We do not need to run GC if there is no possible cyclic reference.
We use unix_graph_maybe_cyclic to decide if we should run GC.

If a fd of an AF_UNIX socket is passed to an already inflight AF_UNIX
socket, they could form a cyclic reference.  Then, we set true to
unix_graph_maybe_cyclic and later run Tarjan's algorithm to group
them into SCC.

Once we run Tarjan's algorithm, we are 100% sure whether cyclic
references exist or not.  If there is no cycle, we set false to
unix_graph_maybe_cyclic and can skip the entire garbage collection
next time.

When finalising SCC, we set true to unix_graph_maybe_cyclic if SCC
consists of multiple vertices.

Even if SCC is a single vertex, a cycle might exist as self-fd passing.
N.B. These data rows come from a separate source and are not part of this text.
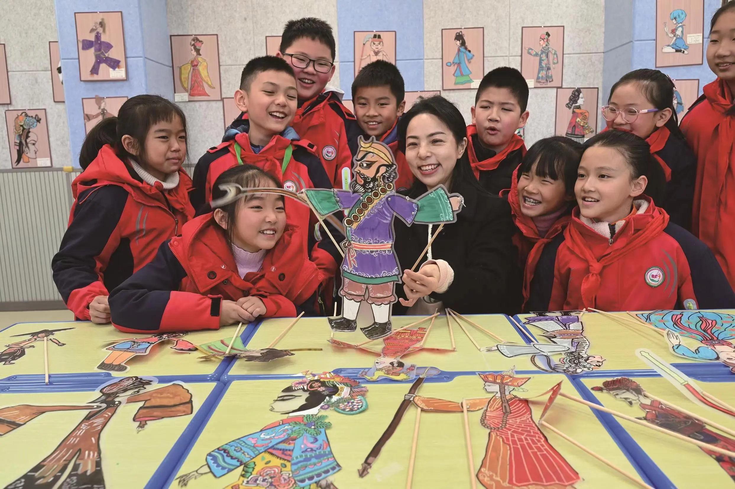 在内江市东兴区外国语小学,老师指导学生学习皮影戏表演技艺
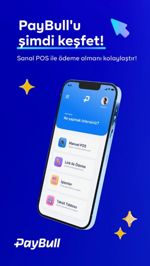 PayBull uygulaması, e-ticaret şirketleri, bireysel kullanıcılar, B2B iş modeliyle çalışan firmalar ve pazar yerleri için sanal pos ve güvenli ödeme çözümleri sunar. PayBull uygulaması sayesinde tüm bankalarla tek tek pos anlaşması yapmanıza gerek kalmaksızın entegre olabilir ve tüm kart programlarından ödeme alabilirsiniz. PSI - DSS güvenlik sertifikalı PayBull uygulamasını hemen indirin ve hiç bir kurulum veya aylık/yıllık sabit ücret ödemeden 24 saat içinde dünyanın her yerinden hızlı ve güvenli şekilde ödeme almaya başlayın. Üstelik ister taksitli ister tek çekim seçeceğiyle.
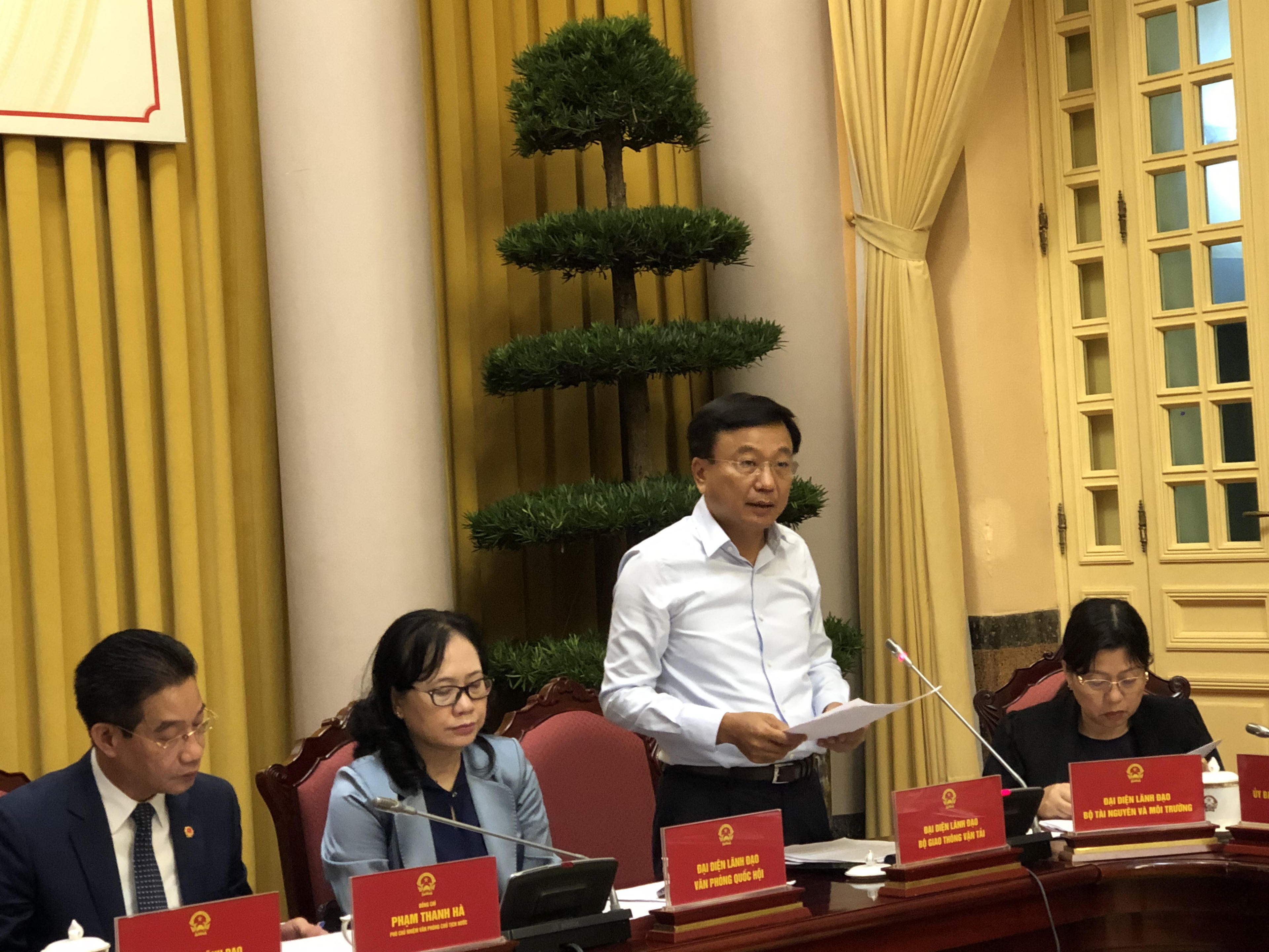 Trước báo giới, Phó Chủ nhiệm Văn phòng Chủ tịch nước Phạm Thanh Hà đã công bố Lệnh của Chủ tịch nước đối với 5 luật gồm: Luật Đường bộ; Luật sửa đổi, bổ sung một số điều của Luật Đấu giá tài sản; Luật Thủ đô; Luật Bảo hiểm xã hội; Luật sửa đổi, bổ sung một số điều của Luật Đất đai số 31/2024/QH15, Luật Nhà ở số 27/2023/QH15, Luật Kinh doanh bất động sản số 29/2023/QH15 và Luật Các tổ chức tín dụng số 32/2024/QH15.

To detect the corner case, we can check all edges of the vertex, but
instead, we add a new field that counts the number of self-references
to finish the decision in O(1) time.

With this change, __unix_gc() is just a spin_lock() dance in the normal
usage.

Signed-off-by: Kuniyuki Iwashima <kuniyu@amazon.com>
---
 include/net/af_unix.h |  1 +
 net/unix/garbage.c    | 56 +++++++++++++++++++++++++++++++++++++++++--
 2 files changed, 55 insertions(+), 2 deletions(-)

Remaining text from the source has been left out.